**Your objective**
For the data below, restate word for word only the lines from the line containing "Przykładowy plan obiektu." through the line containing "GUDANGJOGJAID. TAS KANVAS", both ends included.

**Material for the task**
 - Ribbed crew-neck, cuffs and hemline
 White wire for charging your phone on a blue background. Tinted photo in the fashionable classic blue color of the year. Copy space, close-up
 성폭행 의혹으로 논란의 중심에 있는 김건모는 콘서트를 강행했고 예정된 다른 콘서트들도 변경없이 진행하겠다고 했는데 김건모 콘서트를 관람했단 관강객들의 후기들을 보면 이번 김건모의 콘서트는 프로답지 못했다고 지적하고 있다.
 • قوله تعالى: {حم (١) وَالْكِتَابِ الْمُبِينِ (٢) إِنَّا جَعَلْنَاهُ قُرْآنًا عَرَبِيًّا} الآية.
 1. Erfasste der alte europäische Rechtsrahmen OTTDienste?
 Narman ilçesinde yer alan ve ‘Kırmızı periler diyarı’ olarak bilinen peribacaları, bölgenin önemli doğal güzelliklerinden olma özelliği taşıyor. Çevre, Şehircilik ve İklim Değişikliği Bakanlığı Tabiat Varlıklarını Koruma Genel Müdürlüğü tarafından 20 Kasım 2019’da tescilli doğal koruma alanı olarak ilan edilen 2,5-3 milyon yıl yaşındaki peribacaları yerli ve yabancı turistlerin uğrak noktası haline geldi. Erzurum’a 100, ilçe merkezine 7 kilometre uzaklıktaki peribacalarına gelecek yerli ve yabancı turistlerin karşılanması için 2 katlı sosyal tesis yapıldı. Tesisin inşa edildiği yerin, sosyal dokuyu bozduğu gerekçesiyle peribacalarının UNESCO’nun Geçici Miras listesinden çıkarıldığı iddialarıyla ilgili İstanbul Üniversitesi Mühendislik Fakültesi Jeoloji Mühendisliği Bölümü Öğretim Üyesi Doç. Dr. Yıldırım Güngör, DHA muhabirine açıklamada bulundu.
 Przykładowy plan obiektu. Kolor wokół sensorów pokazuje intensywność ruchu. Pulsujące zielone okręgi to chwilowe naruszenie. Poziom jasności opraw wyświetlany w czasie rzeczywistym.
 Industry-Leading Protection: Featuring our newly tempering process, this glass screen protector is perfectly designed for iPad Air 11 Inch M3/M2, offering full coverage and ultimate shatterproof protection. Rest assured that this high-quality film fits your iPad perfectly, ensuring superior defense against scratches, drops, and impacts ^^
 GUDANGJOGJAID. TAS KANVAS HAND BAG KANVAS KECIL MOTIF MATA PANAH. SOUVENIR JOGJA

==

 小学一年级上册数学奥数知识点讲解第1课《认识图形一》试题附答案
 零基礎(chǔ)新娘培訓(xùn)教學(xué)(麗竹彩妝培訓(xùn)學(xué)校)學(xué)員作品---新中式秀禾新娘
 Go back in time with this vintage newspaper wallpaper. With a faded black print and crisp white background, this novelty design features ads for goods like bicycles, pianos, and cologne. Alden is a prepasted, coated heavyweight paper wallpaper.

--

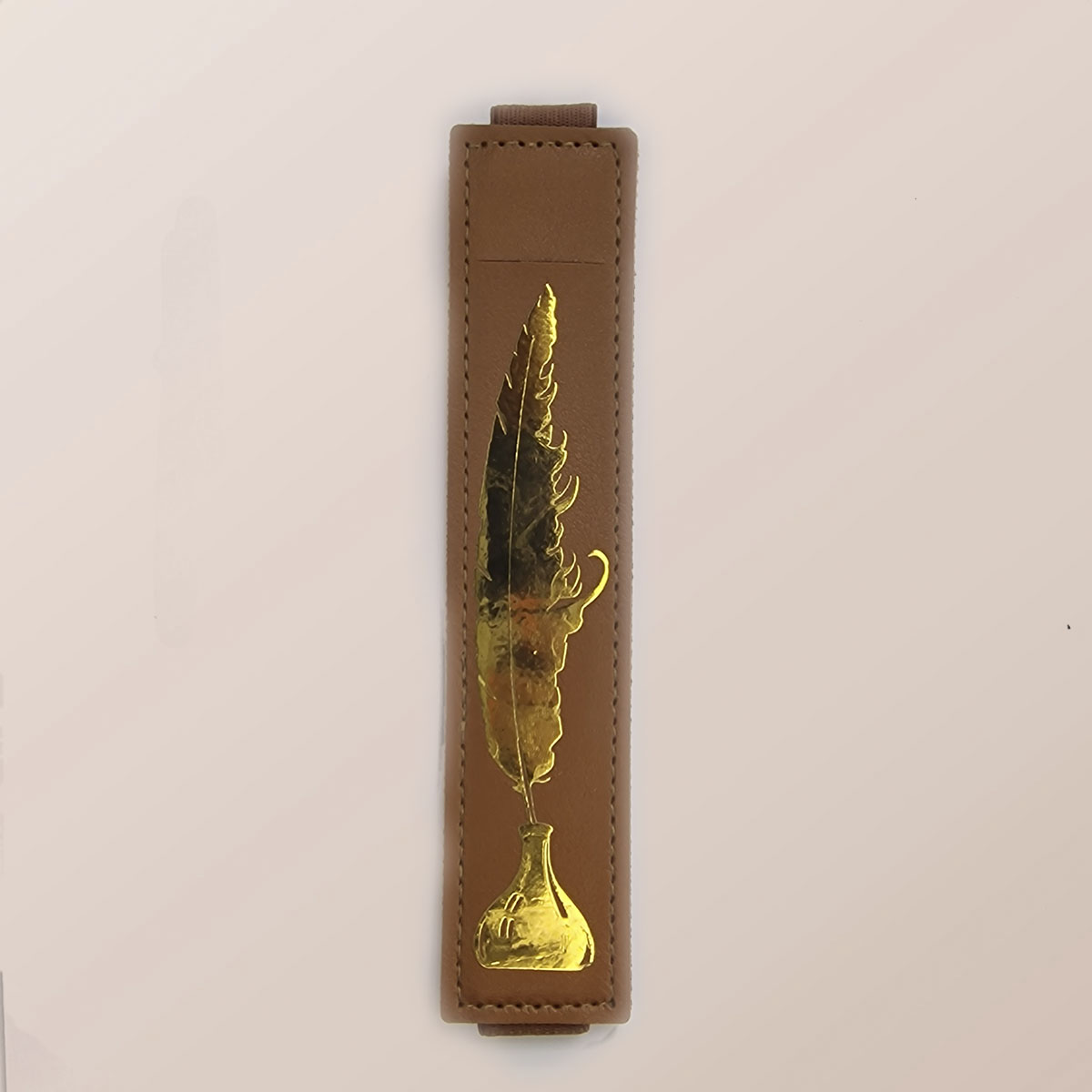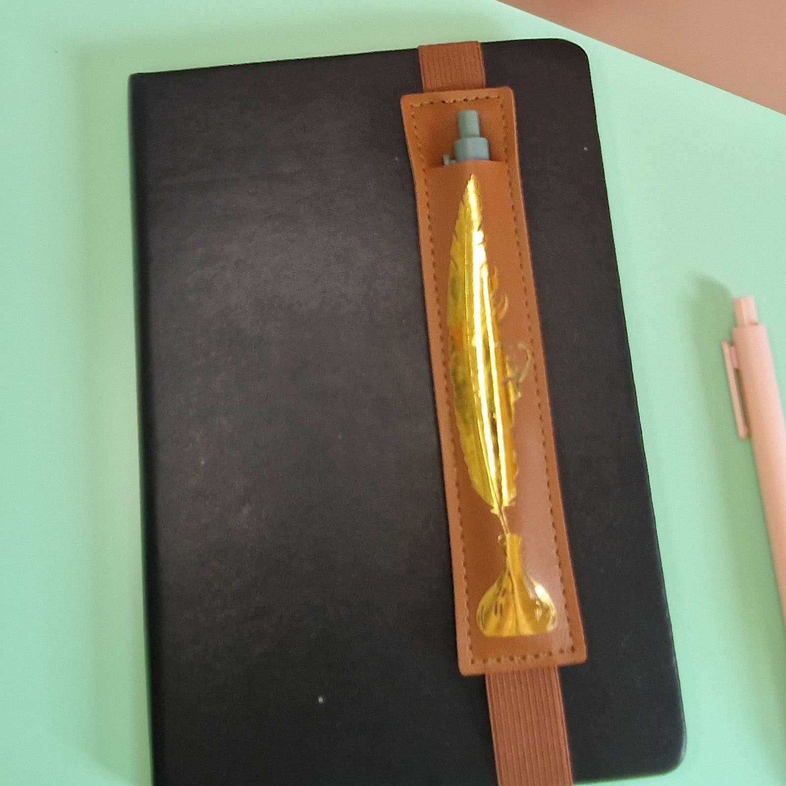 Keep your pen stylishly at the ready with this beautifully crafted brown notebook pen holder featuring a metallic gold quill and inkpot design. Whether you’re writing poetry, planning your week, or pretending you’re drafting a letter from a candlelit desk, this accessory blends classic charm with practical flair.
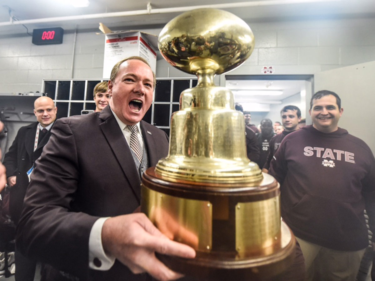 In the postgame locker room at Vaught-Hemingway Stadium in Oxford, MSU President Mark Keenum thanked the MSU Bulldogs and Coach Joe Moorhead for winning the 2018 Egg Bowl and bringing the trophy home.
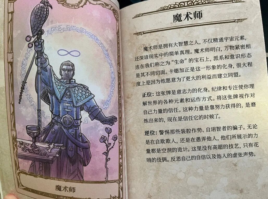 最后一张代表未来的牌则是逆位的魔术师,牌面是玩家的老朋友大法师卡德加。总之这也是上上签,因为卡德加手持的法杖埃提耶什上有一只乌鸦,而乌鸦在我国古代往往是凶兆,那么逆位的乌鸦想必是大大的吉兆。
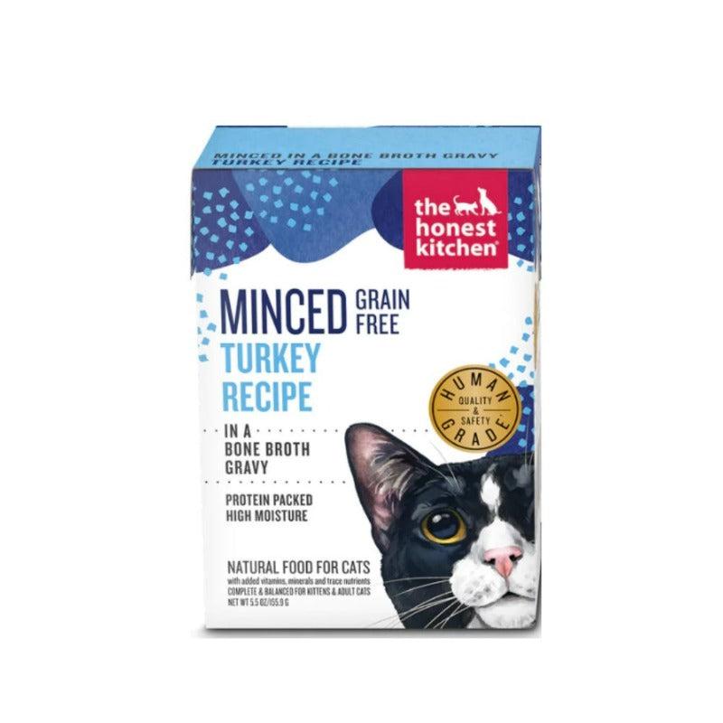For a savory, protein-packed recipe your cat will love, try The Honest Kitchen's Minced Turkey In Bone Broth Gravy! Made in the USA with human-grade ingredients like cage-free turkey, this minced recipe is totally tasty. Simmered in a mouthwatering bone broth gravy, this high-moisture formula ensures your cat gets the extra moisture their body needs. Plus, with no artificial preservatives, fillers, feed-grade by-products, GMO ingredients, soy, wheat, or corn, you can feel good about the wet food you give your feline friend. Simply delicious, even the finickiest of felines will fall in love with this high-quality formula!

**Response**
 Przykładowy plan obiektu. Kolor wokół sensorów pokazuje intensywność ruchu. Pulsujące zielone okręgi to chwilowe naruszenie. Poziom jasności opraw wyświetlany w czasie rzeczywistym.
 Industry-Leading Protection: Featuring our newly tempering process, this glass screen protector is perfectly designed for iPad Air 11 Inch M3/M2, offering full coverage and ultimate shatterproof protection. Rest assured that this high-quality film fits your iPad perfectly, ensuring superior defense against scratches, drops, and impacts ^^
 GUDANGJOGJAID. TAS KANVAS HAND BAG KANVAS KECIL MOTIF MATA PANAH. SOUVENIR JOGJA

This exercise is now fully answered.